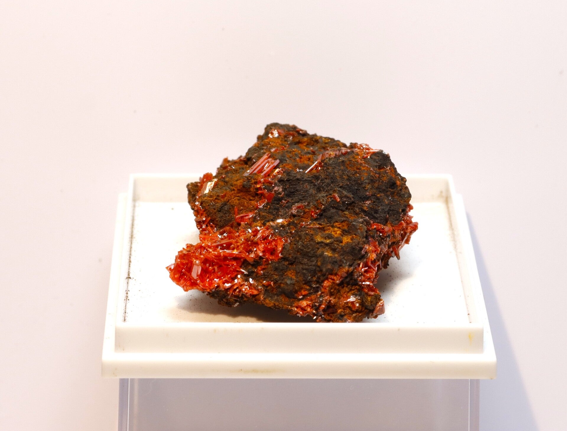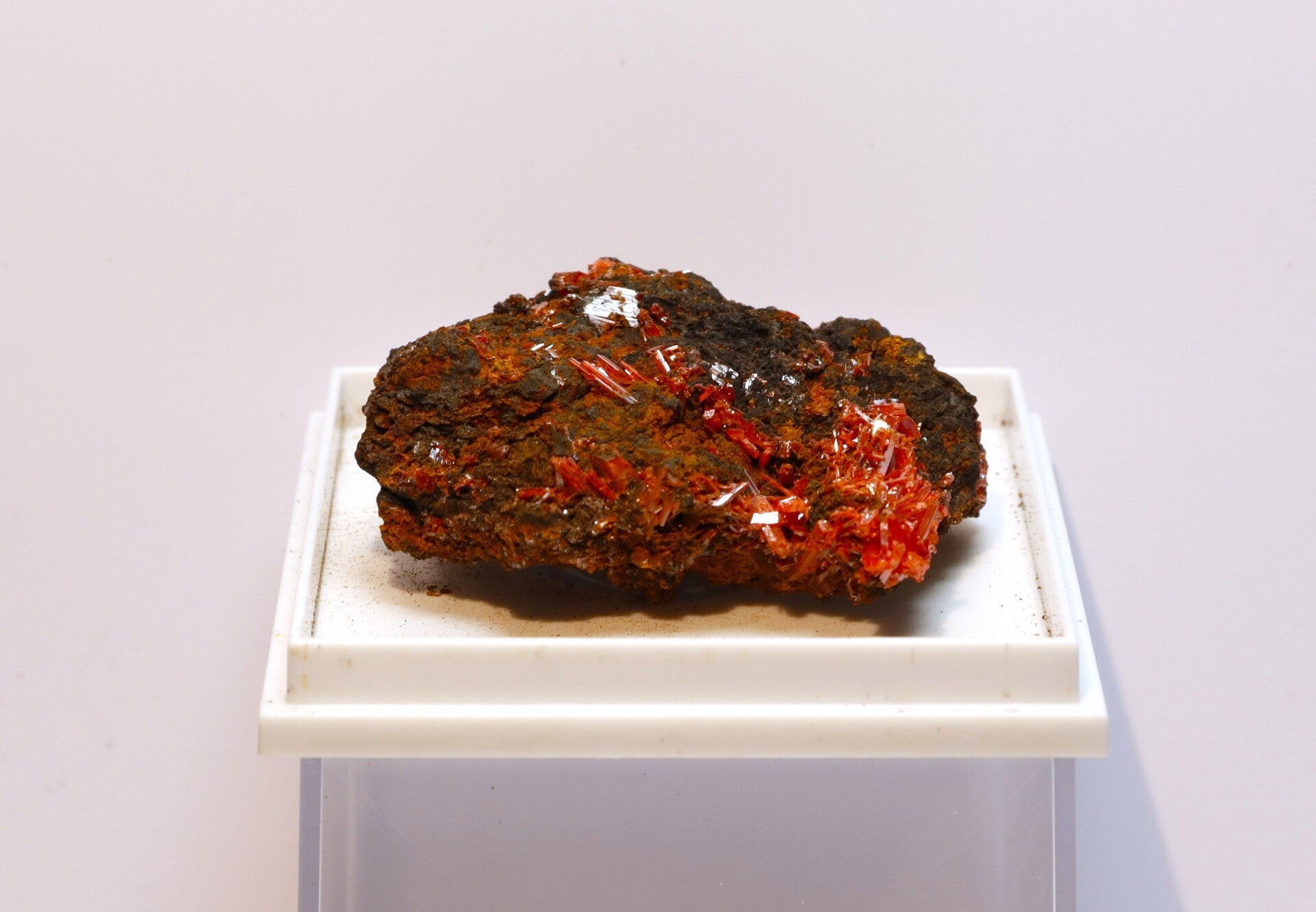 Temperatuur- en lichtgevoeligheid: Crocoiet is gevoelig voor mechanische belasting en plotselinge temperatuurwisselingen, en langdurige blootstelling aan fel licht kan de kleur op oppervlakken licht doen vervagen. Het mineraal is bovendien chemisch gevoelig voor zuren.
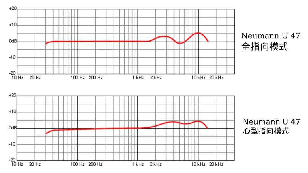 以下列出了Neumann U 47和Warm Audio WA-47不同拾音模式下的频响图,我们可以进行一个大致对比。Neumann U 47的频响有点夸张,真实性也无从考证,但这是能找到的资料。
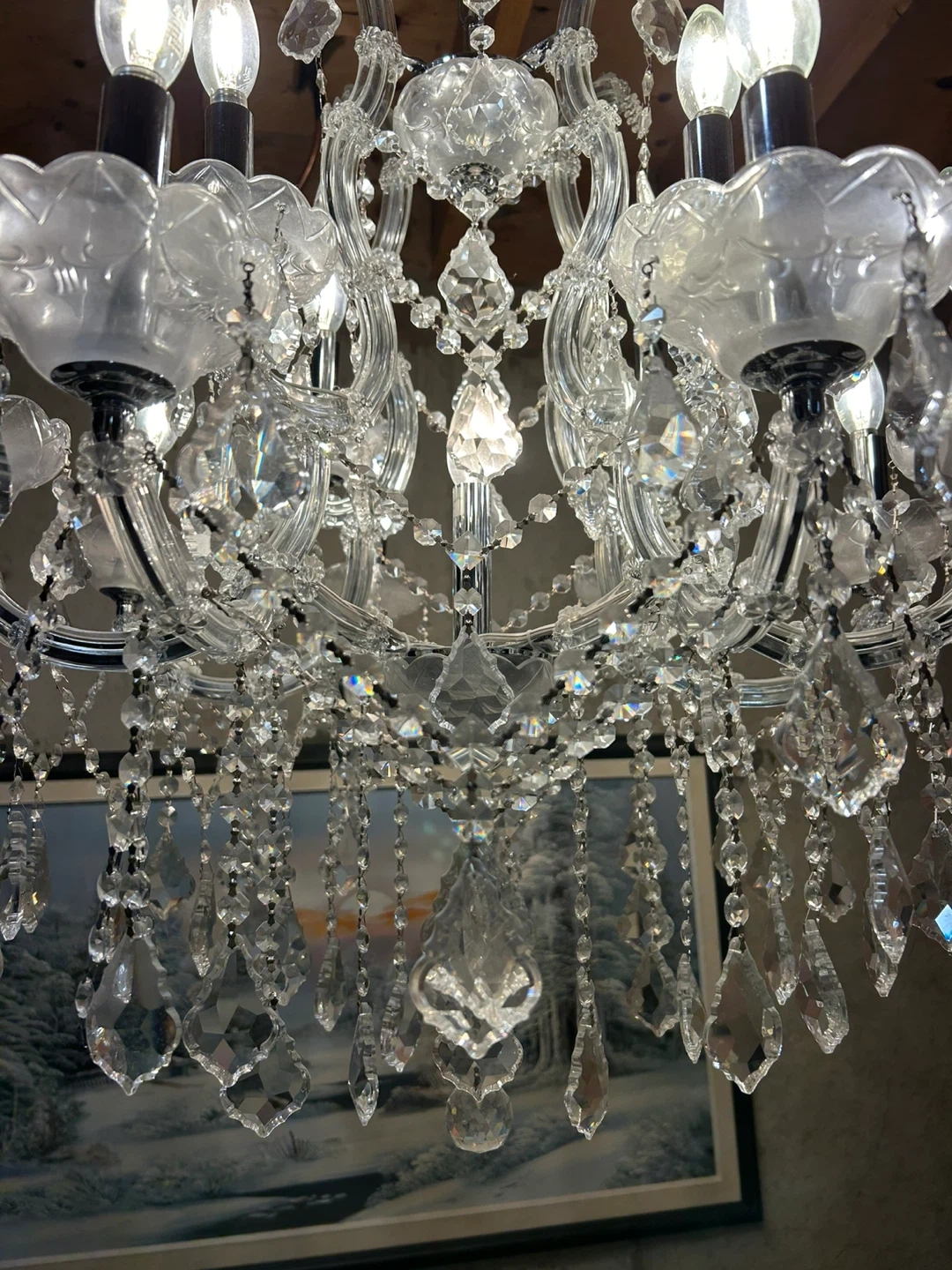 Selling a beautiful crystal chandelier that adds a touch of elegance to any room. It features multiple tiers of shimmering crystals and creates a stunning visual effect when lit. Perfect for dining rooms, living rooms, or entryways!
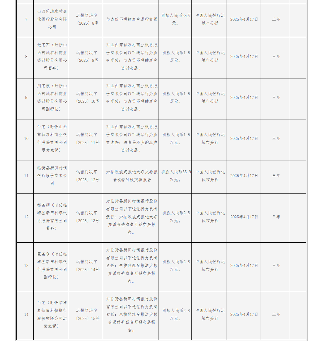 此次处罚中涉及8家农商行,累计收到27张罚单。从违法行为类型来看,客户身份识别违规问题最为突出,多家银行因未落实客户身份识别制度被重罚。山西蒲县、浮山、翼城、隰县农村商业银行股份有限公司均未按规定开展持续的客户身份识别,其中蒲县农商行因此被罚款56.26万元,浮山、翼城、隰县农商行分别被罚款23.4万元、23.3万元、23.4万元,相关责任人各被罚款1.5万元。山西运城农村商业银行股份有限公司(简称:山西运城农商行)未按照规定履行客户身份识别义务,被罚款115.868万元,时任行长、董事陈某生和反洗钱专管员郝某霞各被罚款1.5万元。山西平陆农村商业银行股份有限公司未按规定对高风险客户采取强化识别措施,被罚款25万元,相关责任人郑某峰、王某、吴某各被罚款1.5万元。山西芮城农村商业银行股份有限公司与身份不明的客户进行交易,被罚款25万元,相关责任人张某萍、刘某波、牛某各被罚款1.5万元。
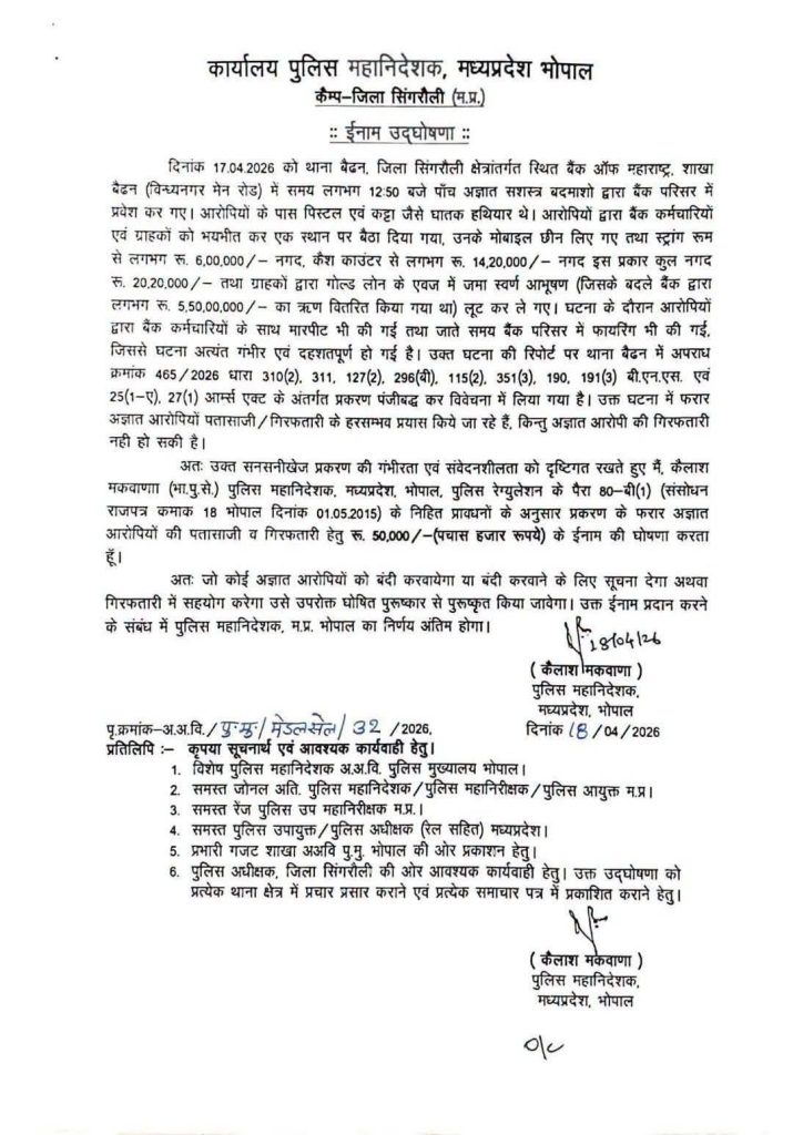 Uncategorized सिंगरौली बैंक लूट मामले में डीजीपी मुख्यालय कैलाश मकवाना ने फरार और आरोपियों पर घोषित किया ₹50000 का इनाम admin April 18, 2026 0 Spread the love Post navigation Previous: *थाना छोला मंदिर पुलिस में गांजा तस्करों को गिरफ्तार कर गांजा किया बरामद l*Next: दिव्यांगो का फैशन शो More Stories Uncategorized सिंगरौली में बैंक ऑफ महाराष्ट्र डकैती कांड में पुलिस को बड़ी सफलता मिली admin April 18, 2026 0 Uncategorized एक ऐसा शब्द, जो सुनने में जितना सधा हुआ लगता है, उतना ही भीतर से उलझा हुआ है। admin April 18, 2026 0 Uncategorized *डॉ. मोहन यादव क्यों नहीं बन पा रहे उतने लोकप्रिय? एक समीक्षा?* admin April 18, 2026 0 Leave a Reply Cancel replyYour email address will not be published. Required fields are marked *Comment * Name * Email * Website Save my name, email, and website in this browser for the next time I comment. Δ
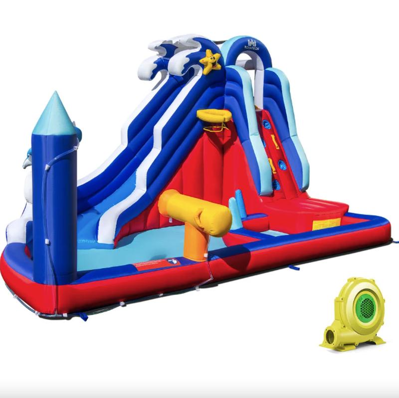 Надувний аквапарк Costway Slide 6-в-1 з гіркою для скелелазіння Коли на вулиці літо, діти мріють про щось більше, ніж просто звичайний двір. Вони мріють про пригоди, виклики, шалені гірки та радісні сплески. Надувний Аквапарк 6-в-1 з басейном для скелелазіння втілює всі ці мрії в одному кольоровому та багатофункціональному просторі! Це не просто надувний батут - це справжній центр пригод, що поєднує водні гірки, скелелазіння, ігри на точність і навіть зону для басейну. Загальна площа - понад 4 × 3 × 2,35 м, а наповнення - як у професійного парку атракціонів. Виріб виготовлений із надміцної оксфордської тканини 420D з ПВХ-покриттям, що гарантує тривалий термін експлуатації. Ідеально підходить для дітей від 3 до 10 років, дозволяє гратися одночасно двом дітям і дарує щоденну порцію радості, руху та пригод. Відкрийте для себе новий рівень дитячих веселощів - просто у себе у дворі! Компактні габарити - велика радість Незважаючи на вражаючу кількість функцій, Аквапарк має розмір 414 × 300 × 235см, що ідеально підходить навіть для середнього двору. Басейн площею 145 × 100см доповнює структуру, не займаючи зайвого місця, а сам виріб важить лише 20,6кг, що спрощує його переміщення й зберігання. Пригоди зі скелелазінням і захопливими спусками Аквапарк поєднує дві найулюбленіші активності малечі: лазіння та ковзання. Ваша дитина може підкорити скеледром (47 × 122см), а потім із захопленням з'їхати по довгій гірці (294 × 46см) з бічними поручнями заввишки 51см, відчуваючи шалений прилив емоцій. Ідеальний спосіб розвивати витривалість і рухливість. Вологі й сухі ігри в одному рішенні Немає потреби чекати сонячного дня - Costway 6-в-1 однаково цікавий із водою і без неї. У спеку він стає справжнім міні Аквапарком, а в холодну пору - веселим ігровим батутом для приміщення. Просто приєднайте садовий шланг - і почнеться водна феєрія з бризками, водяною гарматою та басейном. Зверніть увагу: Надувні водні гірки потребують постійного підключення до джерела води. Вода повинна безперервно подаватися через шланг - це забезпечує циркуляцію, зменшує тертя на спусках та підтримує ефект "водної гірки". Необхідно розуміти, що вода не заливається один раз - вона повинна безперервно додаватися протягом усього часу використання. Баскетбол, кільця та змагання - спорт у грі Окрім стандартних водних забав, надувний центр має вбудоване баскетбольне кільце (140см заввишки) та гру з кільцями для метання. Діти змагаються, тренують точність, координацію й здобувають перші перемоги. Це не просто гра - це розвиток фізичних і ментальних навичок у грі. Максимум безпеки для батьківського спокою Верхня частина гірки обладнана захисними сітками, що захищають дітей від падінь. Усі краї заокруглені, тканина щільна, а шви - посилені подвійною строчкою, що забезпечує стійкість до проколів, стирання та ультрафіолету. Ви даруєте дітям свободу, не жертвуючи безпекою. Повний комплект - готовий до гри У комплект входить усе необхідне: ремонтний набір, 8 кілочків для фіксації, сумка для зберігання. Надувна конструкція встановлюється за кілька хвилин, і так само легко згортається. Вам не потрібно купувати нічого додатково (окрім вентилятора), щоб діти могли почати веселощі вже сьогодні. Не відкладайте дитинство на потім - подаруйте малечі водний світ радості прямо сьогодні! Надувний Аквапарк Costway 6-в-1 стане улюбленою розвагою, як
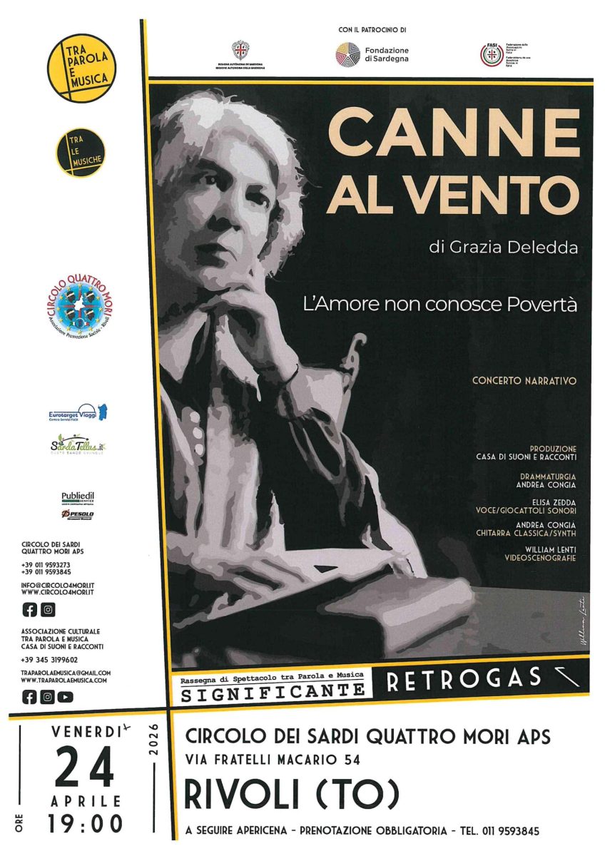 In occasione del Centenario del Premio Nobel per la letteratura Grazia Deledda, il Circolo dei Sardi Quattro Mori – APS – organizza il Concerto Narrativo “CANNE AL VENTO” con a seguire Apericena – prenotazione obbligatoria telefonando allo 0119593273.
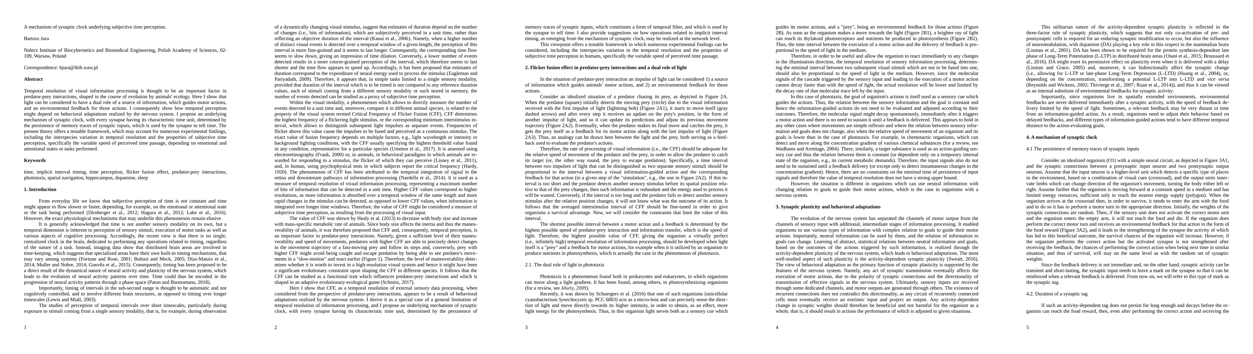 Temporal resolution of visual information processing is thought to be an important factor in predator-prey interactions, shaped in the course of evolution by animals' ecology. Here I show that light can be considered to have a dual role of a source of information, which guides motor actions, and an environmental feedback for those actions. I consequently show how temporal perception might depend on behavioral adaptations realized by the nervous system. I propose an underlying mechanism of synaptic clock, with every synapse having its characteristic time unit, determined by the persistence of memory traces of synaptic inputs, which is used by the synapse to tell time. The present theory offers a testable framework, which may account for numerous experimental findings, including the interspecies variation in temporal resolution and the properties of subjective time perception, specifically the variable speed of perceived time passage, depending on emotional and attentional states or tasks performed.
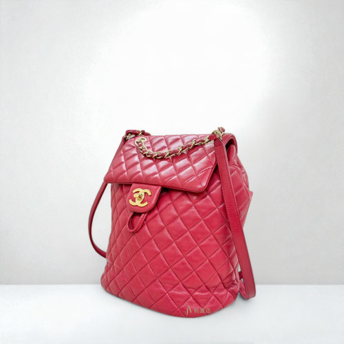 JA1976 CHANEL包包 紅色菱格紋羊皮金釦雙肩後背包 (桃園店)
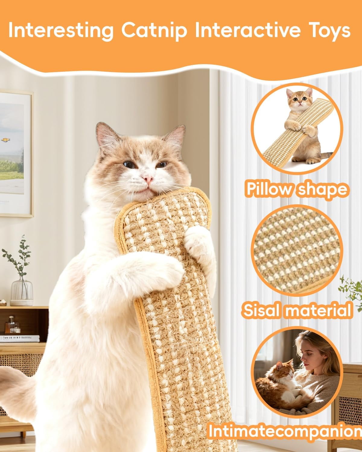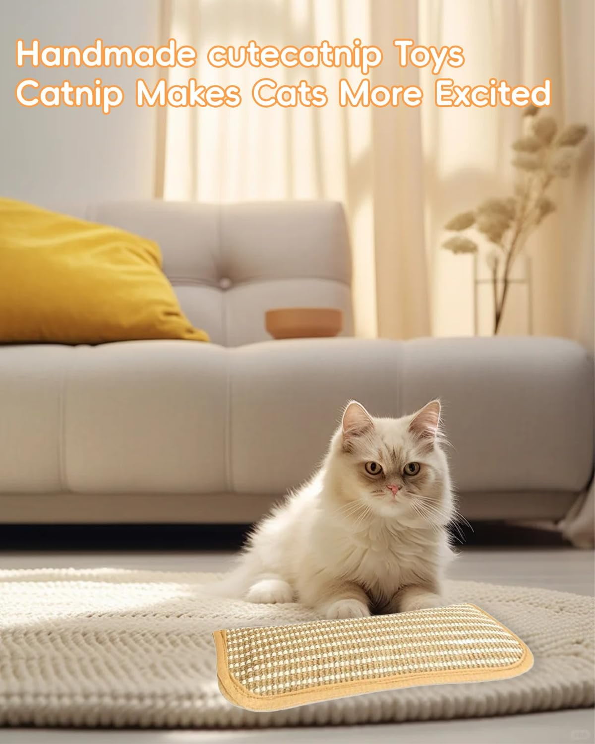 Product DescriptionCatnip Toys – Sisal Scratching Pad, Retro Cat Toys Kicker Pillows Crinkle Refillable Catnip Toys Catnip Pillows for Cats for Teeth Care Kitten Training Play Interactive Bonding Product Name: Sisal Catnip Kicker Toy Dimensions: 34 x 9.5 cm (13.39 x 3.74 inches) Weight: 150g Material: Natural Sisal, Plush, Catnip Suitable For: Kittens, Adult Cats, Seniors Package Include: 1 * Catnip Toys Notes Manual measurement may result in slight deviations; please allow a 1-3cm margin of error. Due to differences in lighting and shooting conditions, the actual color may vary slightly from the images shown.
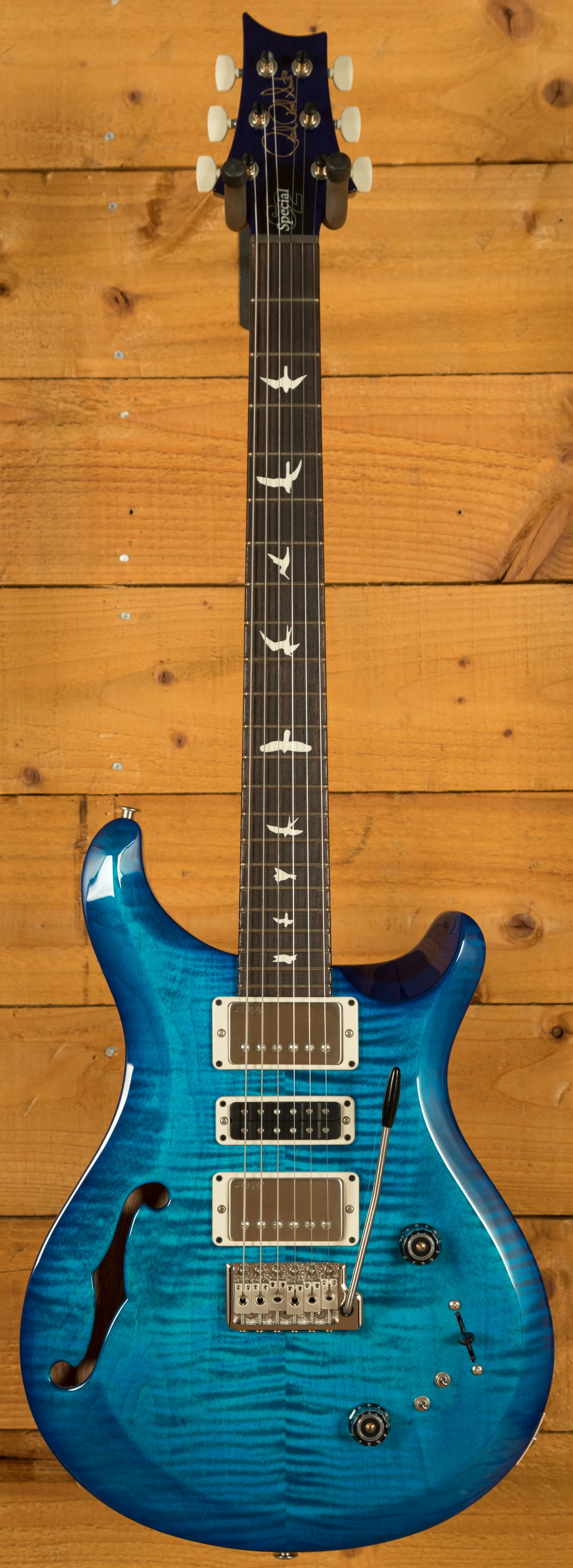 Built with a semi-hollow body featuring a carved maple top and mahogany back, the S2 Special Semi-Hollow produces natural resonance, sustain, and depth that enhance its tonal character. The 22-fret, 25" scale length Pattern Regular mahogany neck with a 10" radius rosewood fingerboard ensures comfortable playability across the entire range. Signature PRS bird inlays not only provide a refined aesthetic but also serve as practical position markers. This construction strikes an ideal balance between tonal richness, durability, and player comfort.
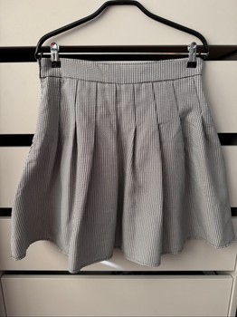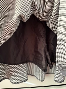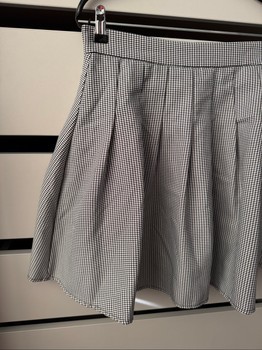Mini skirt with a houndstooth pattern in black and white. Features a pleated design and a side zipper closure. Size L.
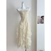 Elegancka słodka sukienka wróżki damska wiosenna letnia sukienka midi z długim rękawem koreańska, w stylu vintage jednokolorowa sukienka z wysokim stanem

### What you are asked to do:
Transcribe only this stretch of the data: the line with "Selling a beautiful", the line with "此次处罚中涉及8家农商行,累", and every line in between. Leave out the pictures.

### Solution:
 Selling a beautiful crystal chandelier that adds a touch of elegance to any room. It features multiple tiers of shimmering crystals and creates a stunning visual effect when lit. Perfect for dining rooms, living rooms, or entryways!
 此次处罚中涉及8家农商行,累计收到27张罚单。从违法行为类型来看,客户身份识别违规问题最为突出,多家银行因未落实客户身份识别制度被重罚。山西蒲县、浮山、翼城、隰县农村商业银行股份有限公司均未按规定开展持续的客户身份识别,其中蒲县农商行因此被罚款56.26万元,浮山、翼城、隰县农商行分别被罚款23.4万元、23.3万元、23.4万元,相关责任人各被罚款1.5万元。山西运城农村商业银行股份有限公司(简称:山西运城农商行)未按照规定履行客户身份识别义务,被罚款115.868万元,时任行长、董事陈某生和反洗钱专管员郝某霞各被罚款1.5万元。山西平陆农村商业银行股份有限公司未按规定对高风险客户采取强化识别措施,被罚款25万元,相关责任人郑某峰、王某、吴某各被罚款1.5万元。山西芮城农村商业银行股份有限公司与身份不明的客户进行交易,被罚款25万元,相关责任人张某萍、刘某波、牛某各被罚款1.5万元。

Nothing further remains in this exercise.